By Lemma 2.4, we know that (2.3) has a unique solution

$$ u(t)= \int _{0}^{1}H(t,s)z(s)\,ds+ \frac{kt^{\tau -1}}{\varGamma (\tau )}. $$

It is easy to verify that the Green’s function \(H(t,s)\geq 0\), t, \(s \in [0,1]\). Let \(z(t)\geq 0\) and \(k\geq 0\). Then we obtain (2.9) and \(u(t)\geq 0\), \(\forall t \in [0,1]\). □

3 Main results

Theorem 3.1

Suppose that (H1)(H6) hold. Then problem (1.1) has extremal solution \(u^{*}, v^{*}\in [u _{0},v_{0}]\). Moreover,

$$ u_{0}(t)\leq u^{*}(t)\leq v^{*}(t)\leq v_{0}(t) $$

and

$$ D^{\tau } v_{0}(t)\leq D^{\tau }v^{*}(t) \leq D^{\tau } u^{*}(t)\leq D ^{\tau } u_{0}(t), \quad \forall t\in [0,1]. $$

Proof

For \(n=0,1,2,\ldots \) , we define

$$ \textstyle\begin{cases} -D^{\sigma }(\phi _{p}(-D^{\tau }u_{n+1}(t))) \\ \quad =h(t,u_{n}(t),D^{\tau }u _{n}(t)) -L[\phi _{p}(-D^{\tau }u_{n+1}(t))-\phi _{p}(-D^{\tau }u_{n}(t))], \\ D^{\tau }u_{n+1}(0)=0, \\ D^{\sigma -1}(\phi _{p}(-D^{\tau }u_{n+1}(1))) \\ \quad =I^{\gamma } \{k( \theta ,\phi _{p}(-D^{\tau }u_{n}(\theta ))) +\mu [\phi _{p}(-D^{\tau }u _{n+1}(\theta ))-\phi _{p}(-D^{\tau }u_{n}(\theta ))] \}+d, \\ u_{n+1}(0)=0, \qquad D^{\tau -1}u_{n+1}(1)=I^{\epsilon }u_{n}(\zeta )+e, \end{cases} $$
(3.1)

and

$$ \textstyle\begin{cases} -D^{\sigma }(\phi _{p}(-D^{\tau }v_{n+1}(t))) \\ \quad =h(t,v_{n}(t),D^{\tau }v _{n}(t)) -L[\phi _{p}(-D^{\tau }v_{n+1}(t))-\phi _{p}(-D^{\tau }v_{n}(t))], \\ D^{\tau }v_{n+1}(0)=0, \\ D^{\sigma -1}(\phi _{p}(-D^{\tau }v_{n+1}(1))) \\ \quad =I^{\gamma } \{k( \theta ,\phi _{p}(-D^{\tau }v_{n}(\theta ))) +\mu [\phi _{p}(-D^{\tau }v _{n+1}(\theta ))-\phi _{p}(-D^{\tau }v_{n}(\theta ))] \}+d, \\ v_{n+1}(0)=0, \qquad D^{\tau -1}v_{n+1}(1)=I^{\epsilon }v_{n}(\zeta )+e. \end{cases} $$
(3.2)

In view of Lemma 2.5, the functions \(u_{1}\) and \(v_{1}\) are well defined.

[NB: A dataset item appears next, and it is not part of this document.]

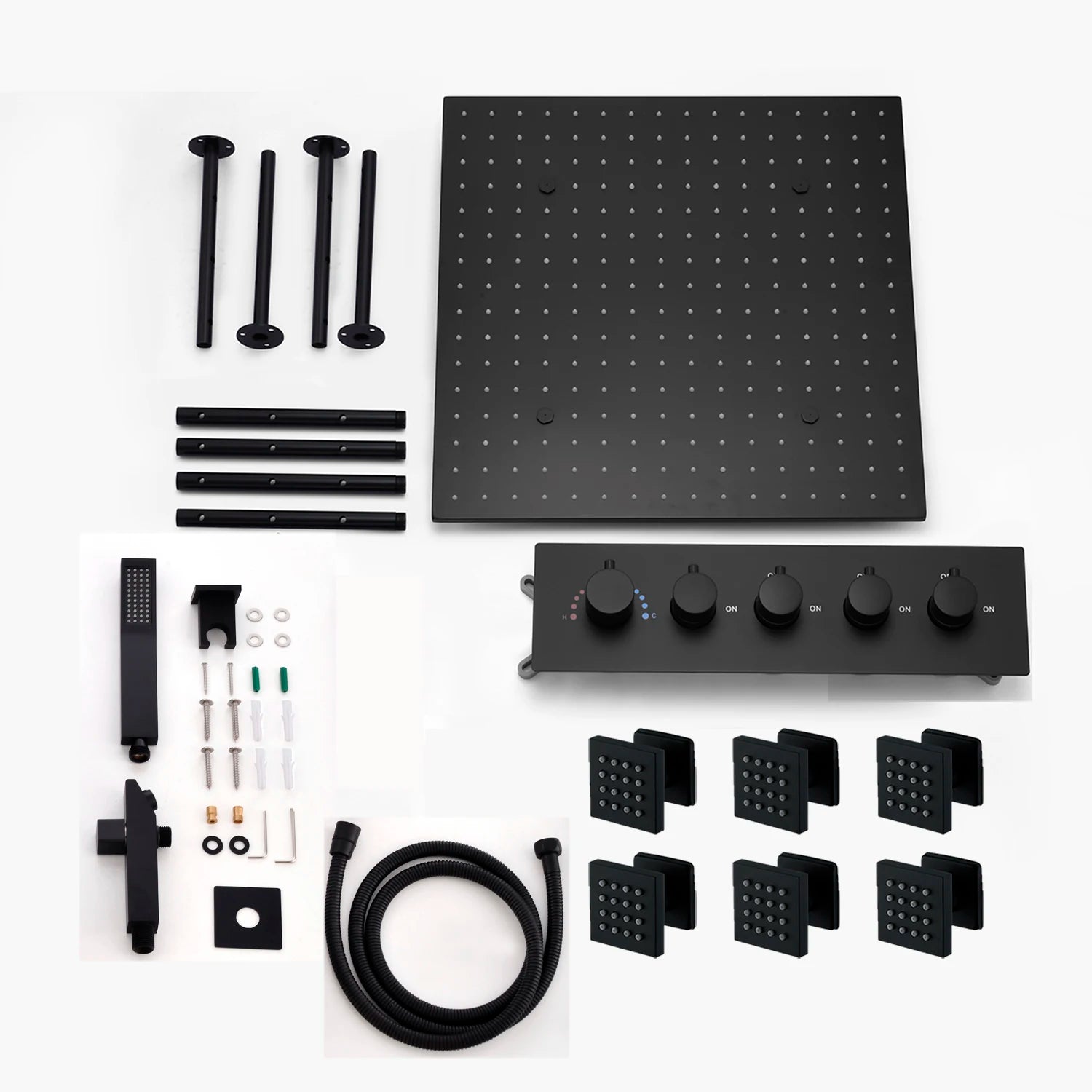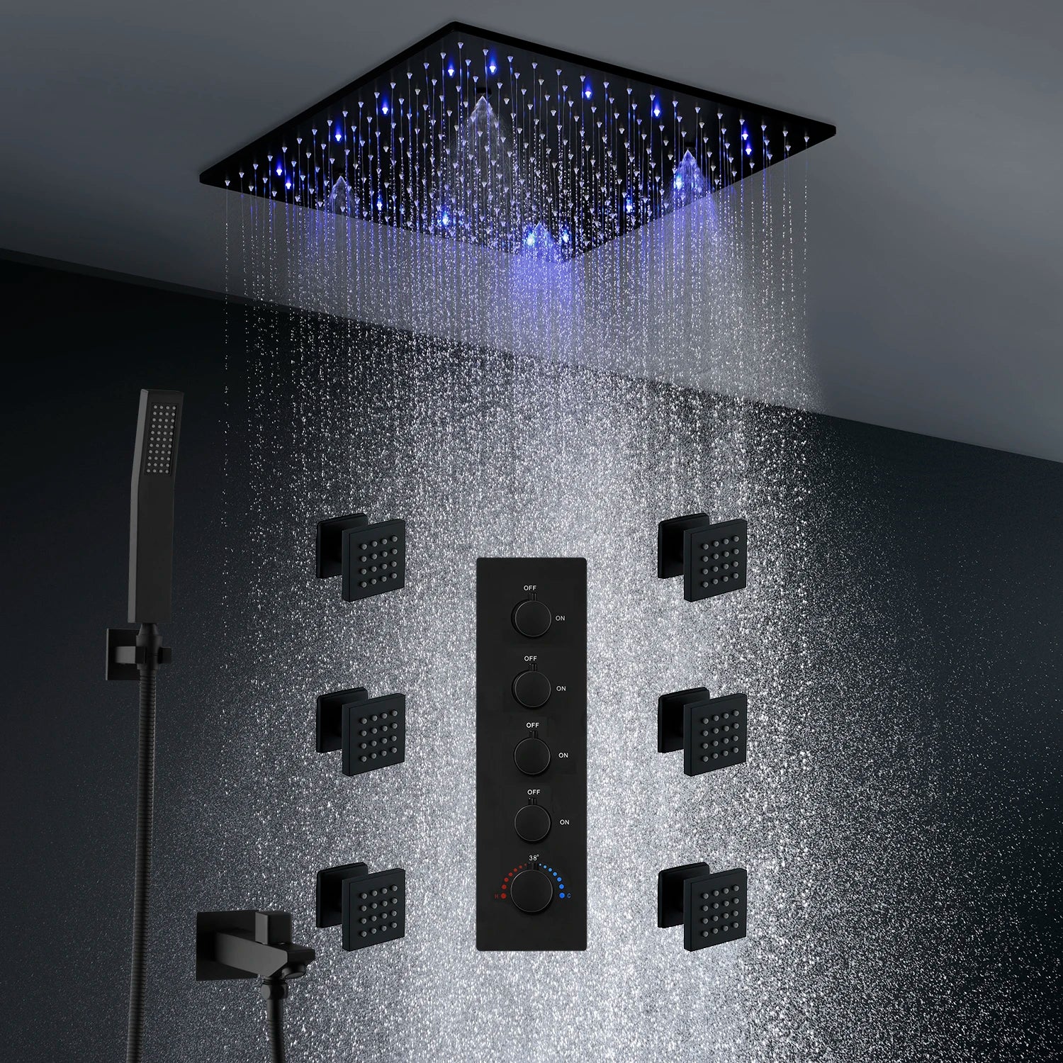 Luxury 16/20 Inch 400/500mm Rainfall Mist Spray LED Shower Head Set Constant Temperature Valve Mixer With Side Massage Jets

First, we show that \(u_{0}(t)\leq u_{1}(t)\leq v_{1}(t) \leq v_{0}(t)\), and \(D^{\tau } v_{0}(t)\leq D^{\tau }v_{1}(t) \leq D^{\tau } u_{1}(t)\leq D^{\tau } u_{0}(t)\), \(t\in [0,1]\). Let \(\delta (t)=\phi _{p}(-D^{\tau }u_{1}(t))-\phi _{p}(-D^{\tau }u_{0}(t))\). From (3.1) and (H1), we obtain

$$\begin{aligned} -D^{\sigma }\delta (t) \geq & h\bigl(t,u_{0}(t),D^{\tau }u_{0}(t) \bigr) -L\bigl[\phi _{p}\bigl(-D^{\tau }u_{1}(t) \bigr)-\phi _{p}\bigl(-D^{\tau }u_{0}(t)\bigr) \bigr] \\ &{}-h\bigl(t,u_{0}(t),D ^{\tau }u_{0}(t) \bigr) \\ \geq &-L\delta (t). \end{aligned}$$

Also \(\delta (0)=0\) and

$$\begin{aligned} D^{\sigma -1}\delta (1) =&D^{\sigma -1}\bigl(\phi _{p} \bigl(-D^{\tau }u_{1}(1)\bigr)\bigr) -D^{\sigma -1}\bigl( \phi _{p}\bigl(-D^{\tau }u_{0}(1)\bigr)\bigr) \\ \geq & I^{\gamma } \bigl\{ k\bigl(\theta ,\phi _{p} \bigl(-D^{\tau }u_{0}(\theta )\bigr)\bigr)+\mu \bigl[\phi _{p}\bigl(-D^{\tau }u_{1}(\theta )\bigr) -\phi _{p}\bigl(-D^{\tau }u_{0}( \theta )\bigr)\bigr] \bigr\} \\ &{}-I^{\gamma }k\bigl(\theta ,\phi _{p} \bigl(-D^{\tau }u_{0}( \theta )\bigr)\bigr) \\ \geq & \mu I^{\gamma } \delta (\theta ). \end{aligned}$$

In view of Lemma 2.6, we have \(\phi _{p}(-D^{\tau }u_{1}(t))\geq \phi _{p}(-D^{\tau }u_{0}(t))\), \(t\in [0,1]\), since \(\phi _{p}(x)\) is nondecreasing, thus

$$ D^{\tau }u_{1}(t)\leq D^{\tau }u_{0}(t). $$
(3.3)

Let \(\alpha (t)=u_{1}(t)-u_{0}(t)\), it follows from (3.1) and (3.3) that

$$ \textstyle\begin{cases} -D^{\tau }\alpha (t)=-D^{\tau }u_{1}(t)+D^{\tau }u_{0}(t)\geq 0, \quad t\in [0,1], \\ \alpha (0)=0, \\ D^{\tau -1}\alpha (1)=D^{\tau -1}u_{1}(1)-D^{\tau -1}u_{0}(1)\geq I ^{\epsilon }u_{0}(\zeta )-I^{\epsilon }u_{0}(\zeta )=0. \end{cases} $$

According to Lemma 2.7, we have \(u_{1}(t)\geq u_{0}(t)\), \(\forall t \in [0,1]\).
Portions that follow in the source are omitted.